Clearview AI: The Good, Bad, & Ugly of Facial Recognition Technology

By Diana Brown

May 26, 2020

On this episode of Stuff They Don’t Want You To Know, hosts Ben Bowlin, Noel Brown, and Matt Frederick talk about the pros and cons of facial recognition technology, particularly the company Clearview AI. Clearview created an app to enable law enforcement agencies to search an enormous database of photos to identify perpetrators and victims of crime. They have upwards of 3 billion images in their database, and as Ben says, “that number will be higher by the time you get to the end of this episode.” These images are taken from all available sources, including social media, Venmo, YouTube, LinkedIn, and more. But with so many concerns over privacy, racial bias, and the potentially sinister applications, a firm line in the sand is being drawn over whether or not this kind of technology should be used at all.

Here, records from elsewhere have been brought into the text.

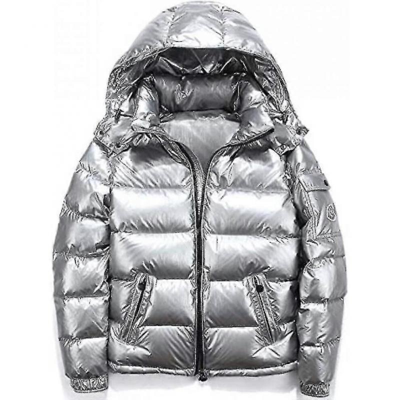 Shiny Down Jacket Men"s Winter Jacket Stand-up Tie Hood Down Jacket
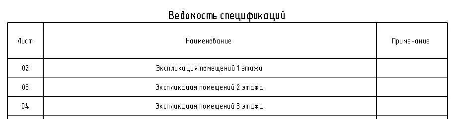 Ведомость спецификаций создается на основе спецификации «О_Ведомость спецификаций», которая представляет собой спецификацию, заполняемую вручную, Рис. 48 - Ведомость спецификаций.
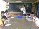 Thầy Lê Quốc Hưng dạy chữ cho các em học sinh nghèo.
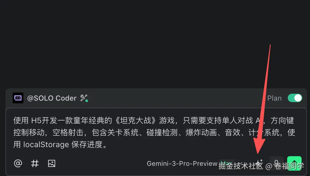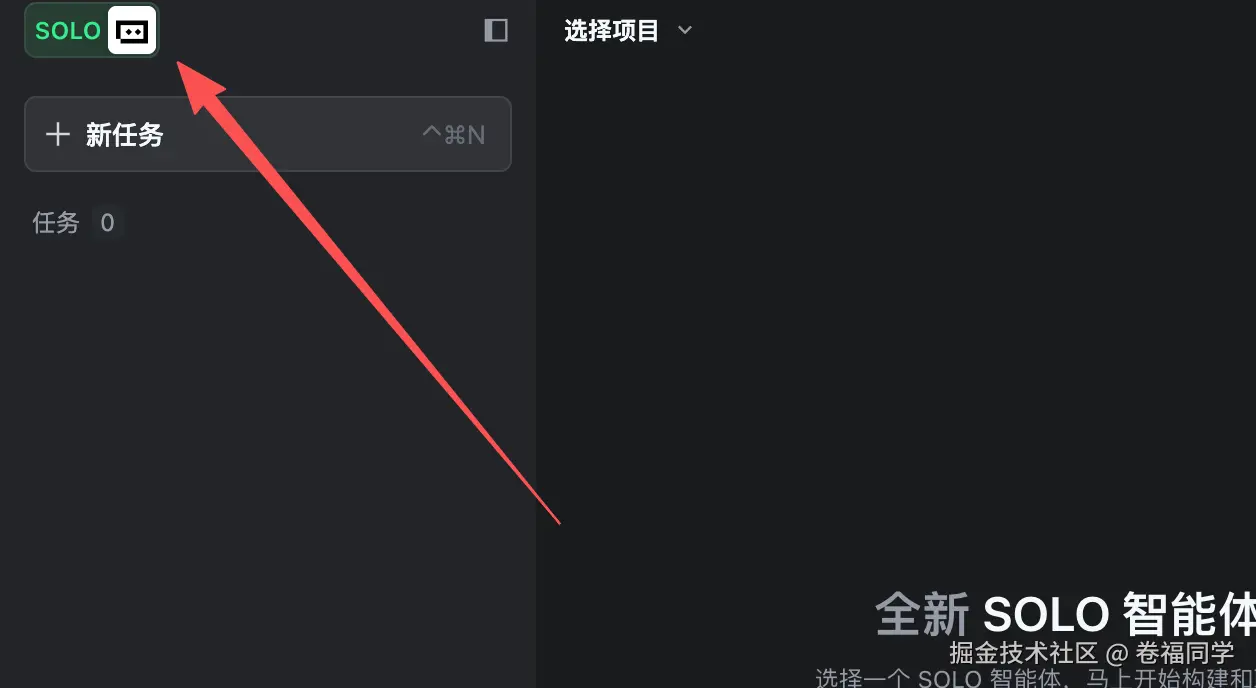首先打开Trae的solo模式,在左上角的位置
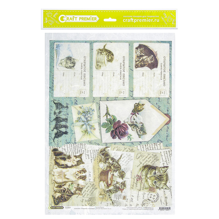 Рисовая бумага для декупажа "Открытки с котиками" 28,2х38,4 см, 25г/м
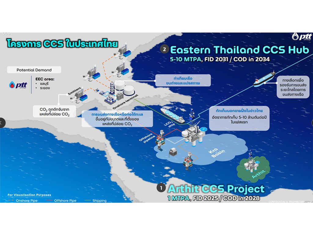 สำหรับพื้นที่ที่เหมาะสมของการทำ CCS Hub อยู่ในพื้นที่ EEC ซึ่งมีโรงงานตั้งอยู่จำนวนมาก ทั้งในชลบุรี และระยอง ครบองค์ประกอบของ CCS โดย CO₂ จะถูกดักจับจากโรงงานต่าง ๆ ที่เป็นแหล่งปล่อย จากนั้นขนส่งทางเรือ ผ่านท่าเทียบเรือขนถ่ายและแปรสภาพผ่านท่อใต้ทะเลไปกักเก็บนอกชายฝั่งในอ่าวไทย
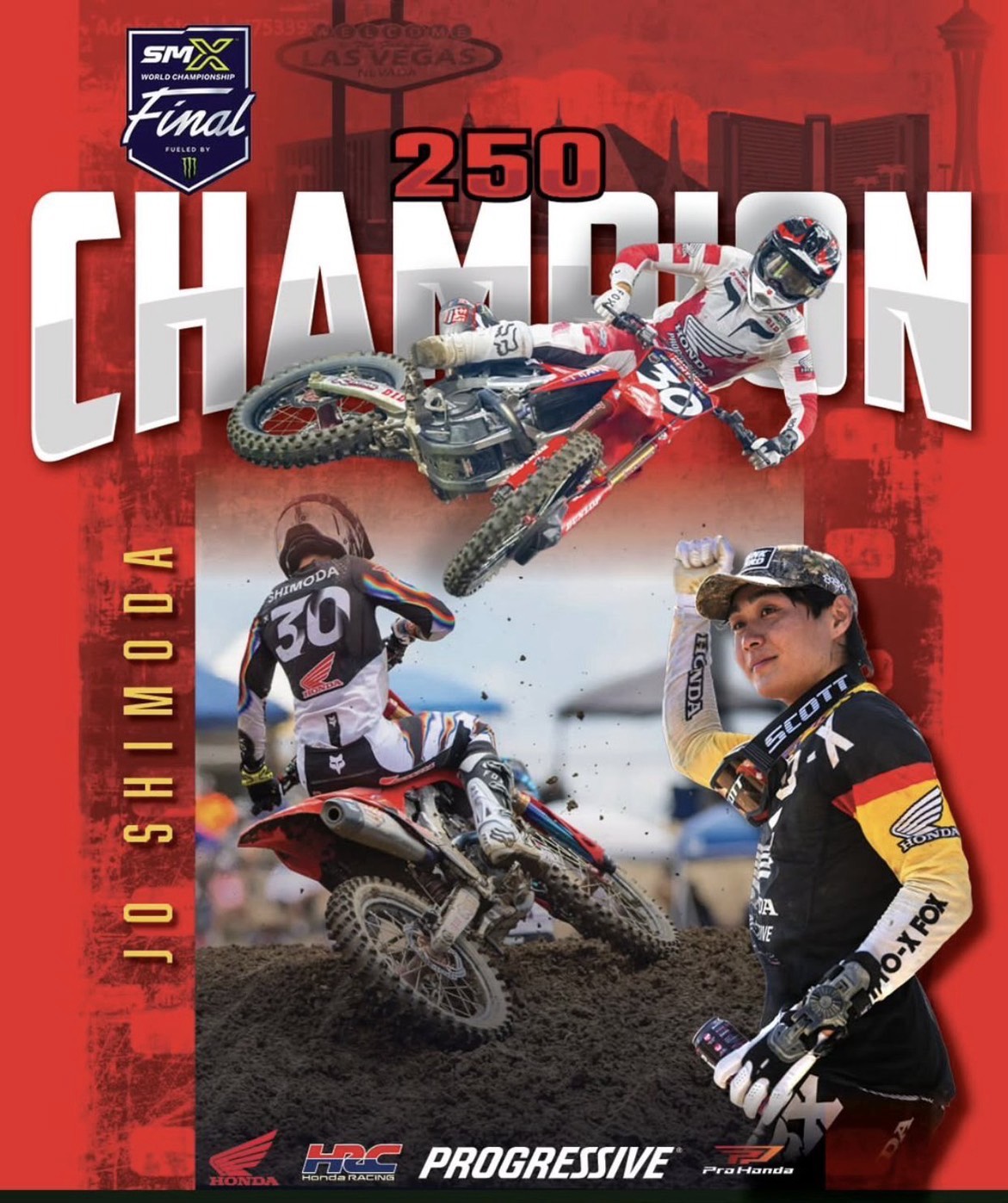 ในการแข่งขันคลาส 250SMX ด้วยผลงานของ “โจ ชิโมดะ” ด้วยตัวแข่ง Honda CRF250R เก็บชัยชนะในเรซที่ 1 และโพเดียมอันดับที่ 2 ในเรซที่สอง บวกคะแนนสะสมผงาดคว้าแชมป์โลกในคลาส 250SMX ไปครองได้สำเร็จ ตอกย้ำความแข็งแกร่งของฮอนด้าในสังเวียนทางฝุ่นและสุดยอดตัวแข่งจาก CRF Series
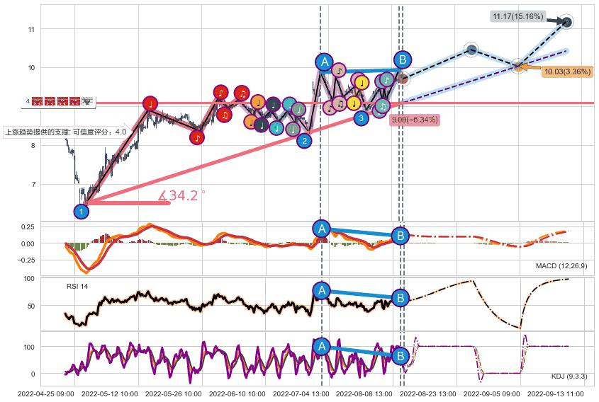 ♘ 在最后的上升阶段2022-04-27 09:00至2022-08-12 14:00存在 持续未破位的支撑位 ,支撑价格9.09,支撑可信任强度82.47%,其距离最后价格9.70相差 -6.34%
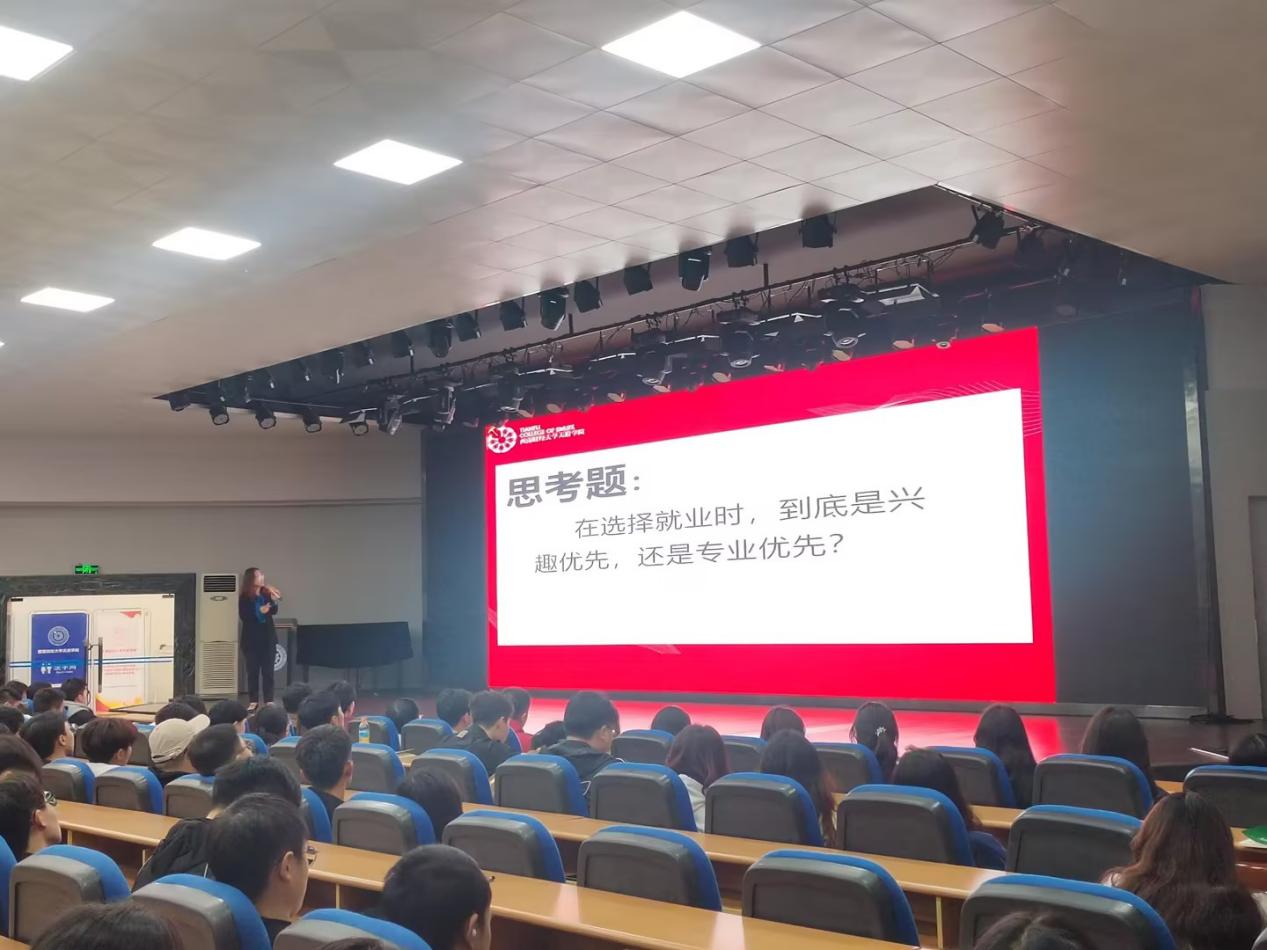 本次讲座主要围绕“五个一”展开,即“一道思考题”“一道准备题”“一种变化”“一种心态”“一个行动”。讲座伊始,常荣以“在选择就业时,到底是兴趣优先,还是专业优先?”这个引人深思的问题开启了讲座。她深度讲述了在生涯发展过程中,个人与职业互动、职业意愿、个人意愿之间的关系以及影响。她引用“明尼苏达工作适应论”这一理论,向同学们阐释了个人与职业的选择是一个相互影响、双向互动的过程。随后,常荣引领同学们共同探讨了“在大学的四年里,应该根据兴趣来培养能力,还是依据专业来培养能力?”这个关键问题。她强调,技能和知识的掌握需要结合具体的工作实践,希望同学们能兼顾个人和企业角度去增进技能,提升自己的综合能力。
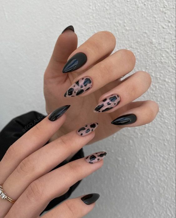 For those who love a bit of edge, these almond-shaped nails feature a striking black leopard print on a nude base. The contrast creates a bold and daring look that’s perfect for making a statement. The design can be achieved with acrylic or dip powders, providing a durable and long-lasting finish. This style is perfect for anyone who loves to experiment with nail art and isn’t afraid to stand out.
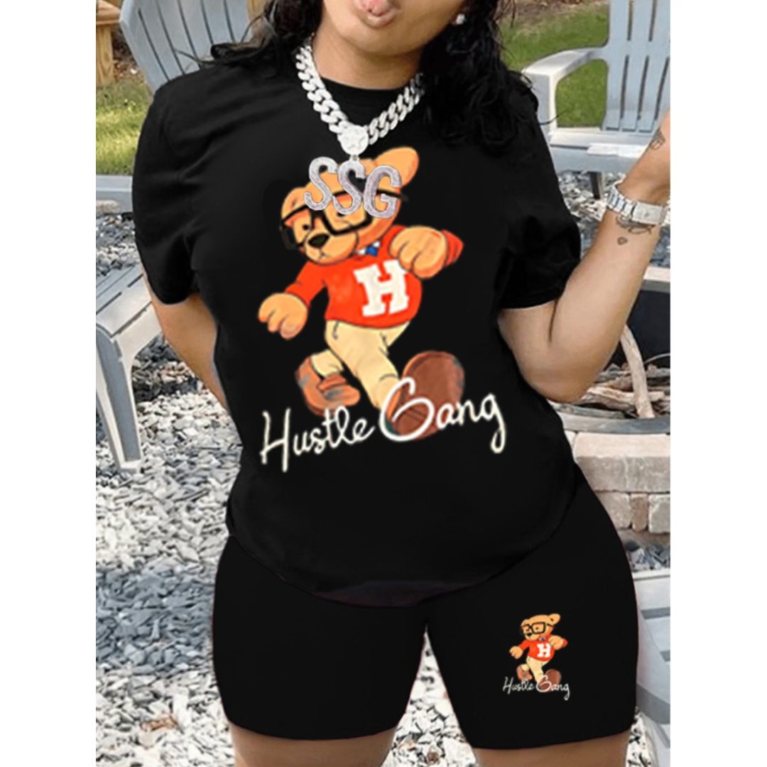 LW Plus Size Bear Cartoon Letter Print Shorts Set
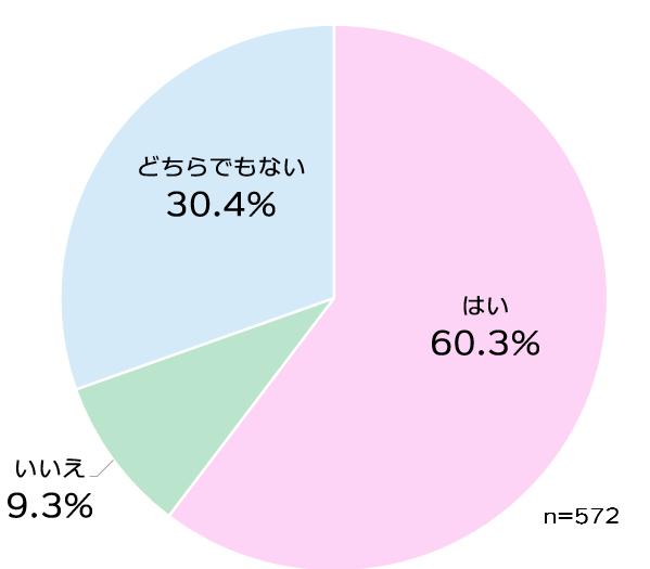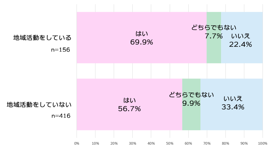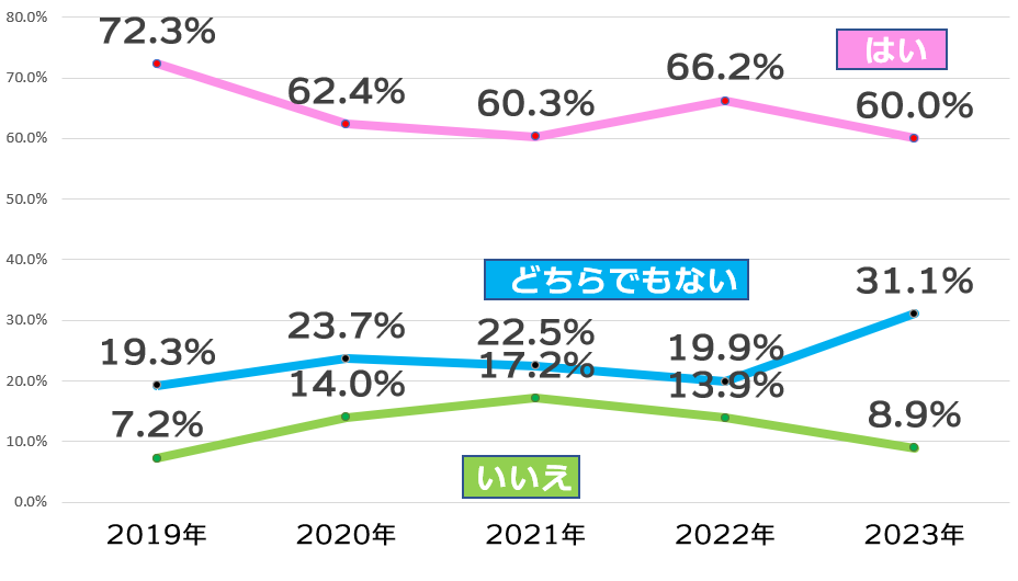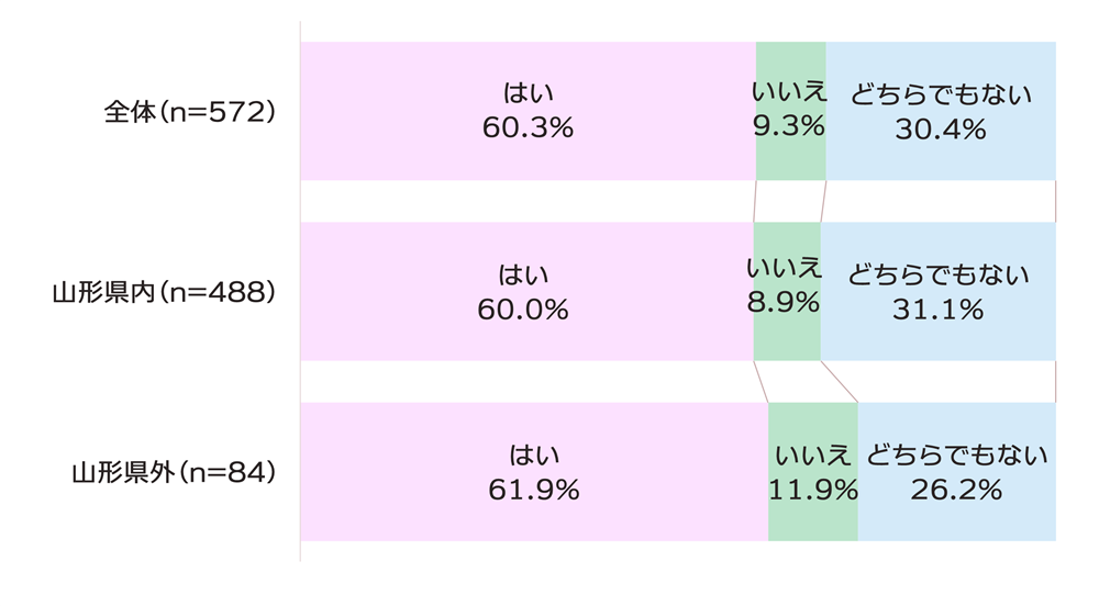 問2の「今住んでいる地域は好きですか」という設問に対しては、「はい」は全体で60.3%となりました。県内在住者のみを経年比較でみると、「はい」は60.0%で昨年の調査より5.3%低い結果となりました。「いいえ」(8.9%)も昨年(14.8%)から5.9%低くなり、「どちらでもない」が31.1%と昨年(19.9%)に比べ大幅に増加したことが特徴的です。

The pros to the tech are fairly straightforward: Law enforcement has already used the database to capture shoplifters, child abusers, sex traffickers, and even solve a few homicides. It’s innovative tech, a “huge leap forward” in facial recognition; even if you’re only in the background of another person’s selfie, this app can match your face with startling accuracy. Once it’s done that, only a little more work is needed to find out where you live, where you work, who your friends, family, and acquaintances are, and so much more. “Can you hear the Feds drooling in the background?” Ben asks. When you’re looking for a dangerous criminal, all that information could be crucial to tracking them down; seems like a no-brainer to use it.  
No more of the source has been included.